El Alcobendas se llevó los dos puntos del municipal navero en un encuentro en el que el Viveros Herol estuvo por delante casi de principio a fin.

“Un empate hubiese sido lo más justo. Un partido que puedes ganar o perder, dicen los libros que al final empatas, pero no hubo suerte”. Así de sencillo y de doloroso podría ser el resumen del encuentro. Las palabras son del entrenador del Viveros Herol, Dani Gordo, que vio desde la banda cómo en la última jugada a falta de un segundo, Alfonso de la Rubia (6) ponía el 32-33 y daba los dos puntos a un Balonmano Alcobendas que se fue del frontón más líder de lo que había saltado al 40x20 hora y media antes.

El Balonmano Nava entró muy centrado en el partido e hizo una muy buena primera parte. Llevaba la manija del encuentro y, tan solo con el 3-4 perdió la ventaja en el luminoso en los esos primeros 30 minutos. Capitaneados por la efectividad de Ismael Juárez (6), que volvía tras su lesión, y de Toma Brakocevic (5), que fue más allá de sus habituales tareas defensivas, sentían tener la situación controlada. Del serbio fue, en el minuto 18, el tanto que ponía la renta máxima de cuatro goles (12-8), que hacía despertar los sentimientos más halagüeños.

A ese buen hacer en ataque, en el que estuvo, como siempre, muy participativo Agus Casado (9), se sumó el acierto bajo palos de Ernesto Sánchez, que salió por Yeray Lamariano mediado el primer acto. Pero los madrileños se fueron animando gracias a los grandes estandartes de su ofensiva.

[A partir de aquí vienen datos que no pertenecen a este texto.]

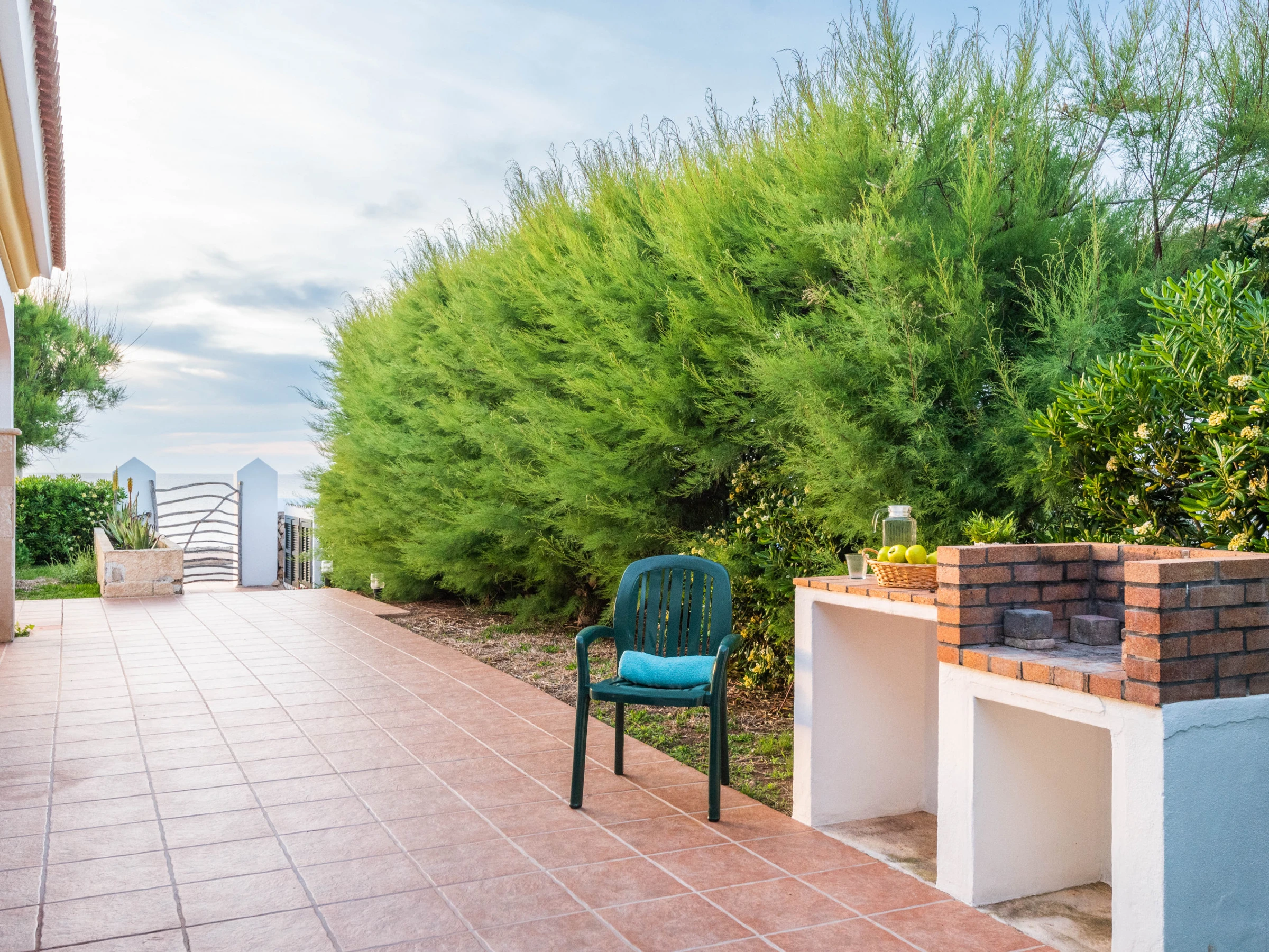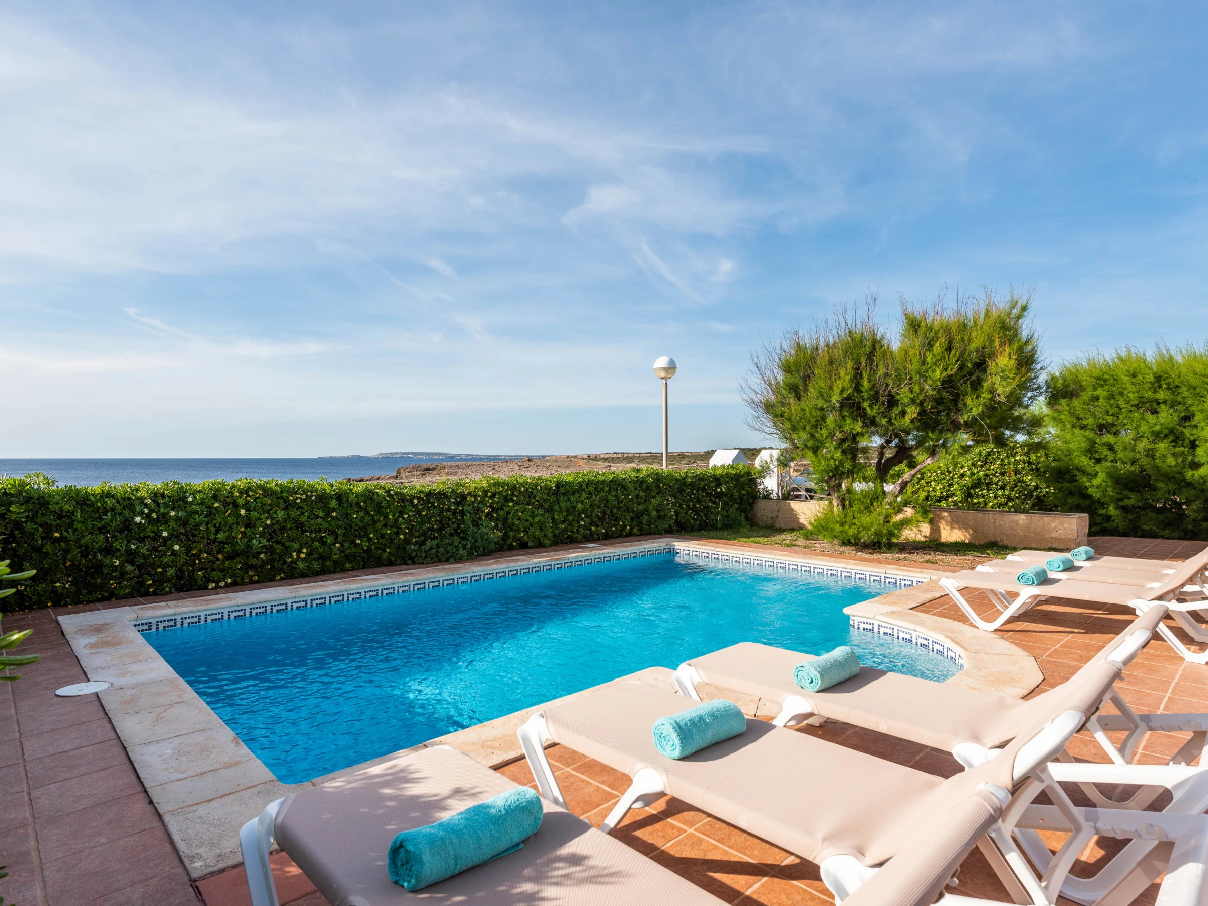 Auf der spektakulären Terrasse finden Sie Gartenmöbel, einen gemauerten Grill und den privaten Pool.

Alberto Boyarizo (6), Manuel Catalina (4) y Gonzalo Velasco (5), fueron engrasando la muñeca mientras los árbitros comenzaban a tomar algunas decisiones rigurosas que lees echaban una mano.

Una actuación de los colegiados de la que también hablaba Dani al finalizar al encuentro, pero subrayando que no era una queja, sino una obviedad. Se refería a dos acciones puntuales: “El último gol de la primera parte –Antonio Jiménez (1)-, no debería de haber subido al marcador, porque el saque del golpe franco se realiza desde una zona que no procedía. Y hubo un gol de Zurri –Darío Ajo- que me dicen desde la grada que entró, gol dudoso…”.

Así las cosas, los equipos se fueron al vestuario con la ventaja por la mínima (16-15) de los locales, que mantuvieron la tónica durante la segunda parte. Pero las imprecisiones en la parte final y los “momentos puntuales en los que hay acciones individuales que no se llegan a materializar en gol, algún despiste”, permitieron a Alcobendas llegar a ese último instante con el marcador en tablas y con De la Rubia, veterano y sobrado de calidad desde el tiro exterior, jugándose una bola que chafó a todos los naveros presentes en la grada.

“Un partido que, con 32 goles en casa y con el bloque defensivo que tenemos tienes que ganar”, se lamentaba Gordo que, sin embargo, aseguraba no quedarse con la derrota, sino “con que se vio un buen balonmano y con que la gente se fue del pabellón satisfecha. Lástima ese último segundo…”.

El entrenador, que recordó como contra Torrelavega tocó que la moneda cayera del lado de la cara con un gol de Antonio Llopis sobre la bocina que dejaba los dos puntos en Nava, ponía de relieve la importancia de hacer un buen trabajo de recuperación esta semana antes de visitar al Villa de Aranda. “Hay que ser conscientes de que hay que recuperarse antes de una visita muy complicada en la que Aranda, fruto del cambio de entrenador, ha recuperado sensaciones positivas. Es el reto que tenemos”, confesaba Dani que, si algo ha demostrado junto a su equipo técnico desde que aterrizó en Nava, es que es de los que sabe afrontar esos retos de los que habla.

“Venimos de dos rivales complicados, como Palma del Río y Alcobendas. Y nosotros, en esa fase de construcción en la que nos encontramos, llevamos nueve puntos y tenemos que seguir apretando los dientes, peleando y siendo conscientes de que esto es muy largo”, añadía.

“Me quedo con que el equipo ha dado un paso adelante, ha jugado de tú a tú al líder de la categoría, un buen equipo que es invicto. Me quedo con el juego y la evolución del equipo. Soy consciente de que, si este nivel se muestra en esta parte final de la primera vuelta, nos darán muchas alegrías. Ahora bien, hay que dar un paso más para poder materializar las buenas sensaciones en puntos”, finalizaba.

El Viveros Herol jugará contra el Villa de Aranda este sábado, 11 de noviembre, a las 19.00 en el Pabellón Príncipe de Asturias de Aranda de Duero (Burgos).